In einem von Hand genähten und auf 1000 Stück limitierten Sack, der vorn und hinten von Adam mit eigenem Motiv bemalt wurde, steckt der Silberling. Doch nicht nur das. Im Säckchen befindet sich auf 480 Gramm schwerem Kaffee-Papier ein hochwertiger Druck mit den Titelnamen und auf der anderen Seite die mit einem Kunststoffteil fixierte CD!
Eigentlich braucht man die CD erst gar nicht aufzulegen, denn allein diese einfallsreiche, gestalterische Verpackung voller Handarbeit lohnt schon die Anschaffung! Obwohl - wir reden und schreiben hier ja eigentlich mehr über Musik als über Verpackungen. Doch auch die wird so einige Liebhaber unter denjenigen finden, denen ihre offenen Ohren wichtiger als die haptische Gestaltung eines Tonträgers sind.
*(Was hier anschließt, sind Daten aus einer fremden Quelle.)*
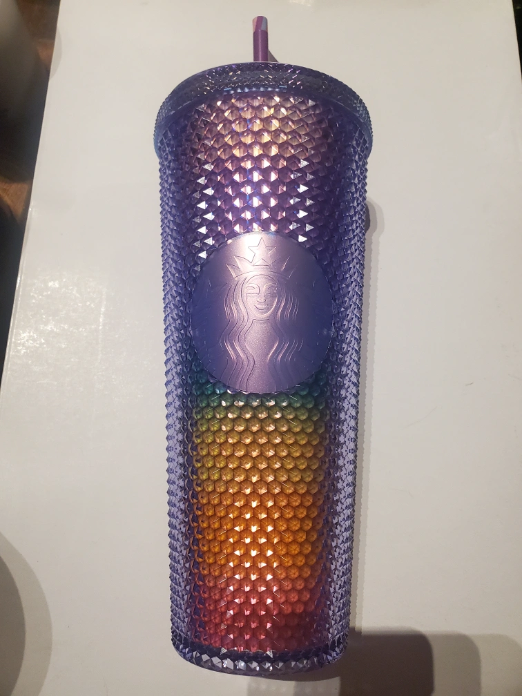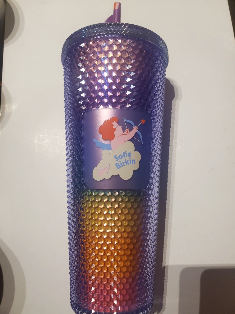 A Starbucks cold cup with a rainbow design. The cup is purple with a diamond-like pattern. It has a clear lid and a matching straw. It has a sticker of the Starbucks logo with a crown and a sticker with the name "Sophie Birkin" and an image of a cherub holding an arrow. The cup has never been used and it's brand new.

Nach ein paar Minuten und so einigen CD-Player-Rotationen fällt auf, dass auf „A&TM“ sich die SONIC YOUTH und die PIXIES ein Stelldichein mit den RAMONES und den RESIDENTS liefern, während rotzig-zerbrechlicher Gesang, der etwas an CONOR OBERST erinnert, diese Vereinigung fest zusammenhält. Die Musik trieft vor jeder Menge Orgel und Mellotron, wummernden Bässen, schrammelnden Gitarren, und hypnotischen Schlagzeugmotiven, so als befänden wir uns in den abgründigsten 60er-Psychedelic-Zeiten, während Hermann Hesse seinen Steppenwolf alias Harry Haller durch‘s Spiegel-Labyrinth irren lässt.
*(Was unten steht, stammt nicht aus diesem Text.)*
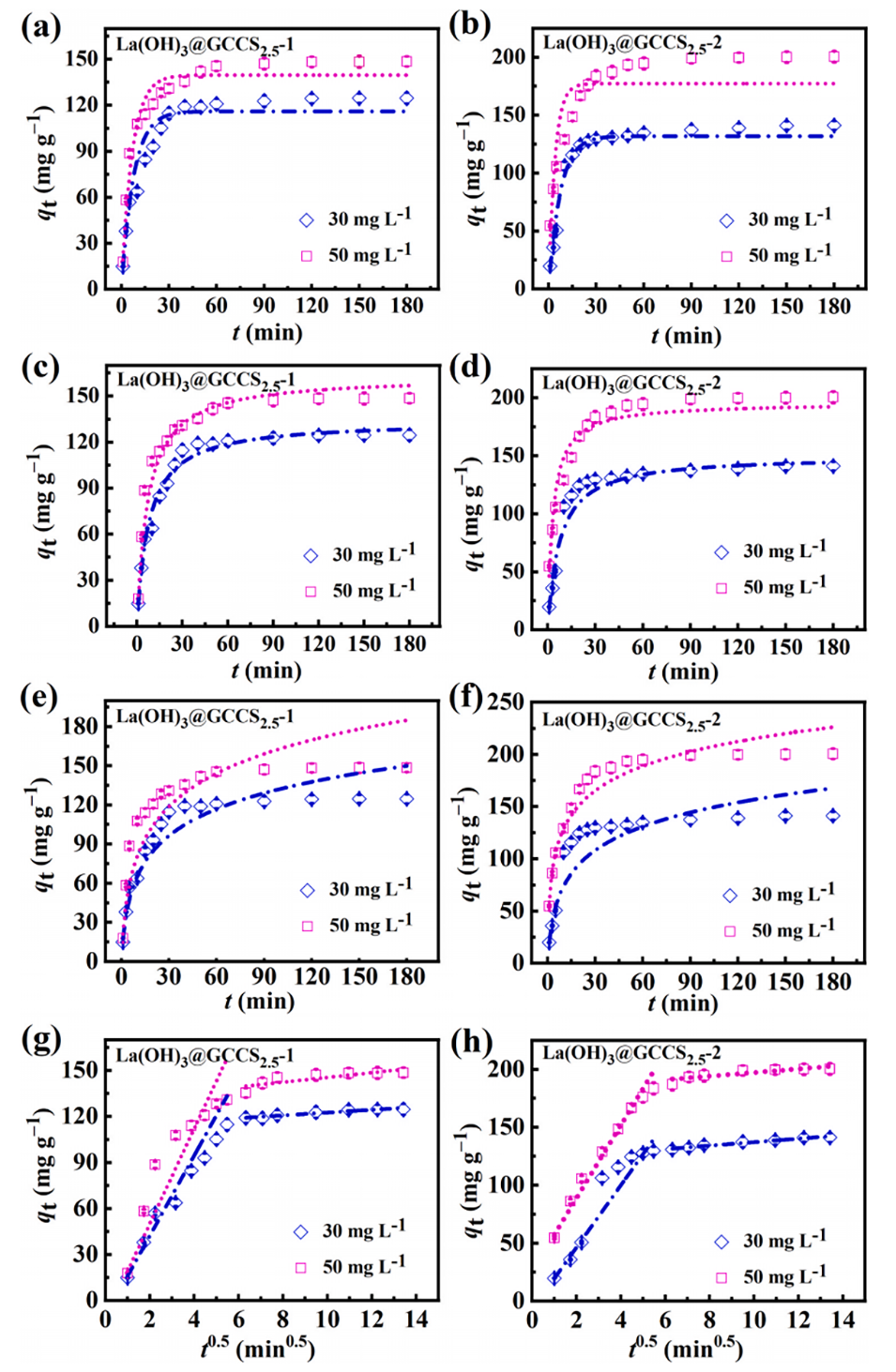 图 5.(a, b)两种样品的伪一级动力学模型;(c, d)伪二级动力学模型;(e, f)Elovich 模型;(g, h)颗粒内扩散模型(初始氟浓度C0=30, 50 mg L-1,pH=3,吸附剂投加量为0.2 g L-1,温度T=298 K)。

Unter ihrer fb-Seite finden ADAM & THE MADAMS sogar eine eigene, völlig neue Schublade im überdimensionalen Musik-Schrank und geben ihr den Namen „Wild Garage Pop Noises“. Dabei ist allerdings Vorsicht geboten, denn (harten) Noise gibt‘s hier noch nicht mal als Socke im Angebot, sondern wirklich wilde Geräusche zwischen Garage und Pop, etwas Punk und ganz viel Psychedelic eben. Und bei Garage denkt man natürlich an die WHITE STRIPES - ein auch bei ADAM & THE MADAMS durchaus nachvollziehbarer Gedanke, wenn man besonders das erste Album „The White Stripes“ (1999) mag.
FAZIT: Musik im Sack, die nicht für den Sack, sondern die Ohren psychedelisch angehauchter Musikliebhaber ist, denen mehr die dunkle Seite des Seins als das offensichtliche Dasein liegt. Hier ist nicht nur die Musik, sondern auch die Verpackung von Hand gemacht - wofür es glattweg einen Extra-Punkt gibt!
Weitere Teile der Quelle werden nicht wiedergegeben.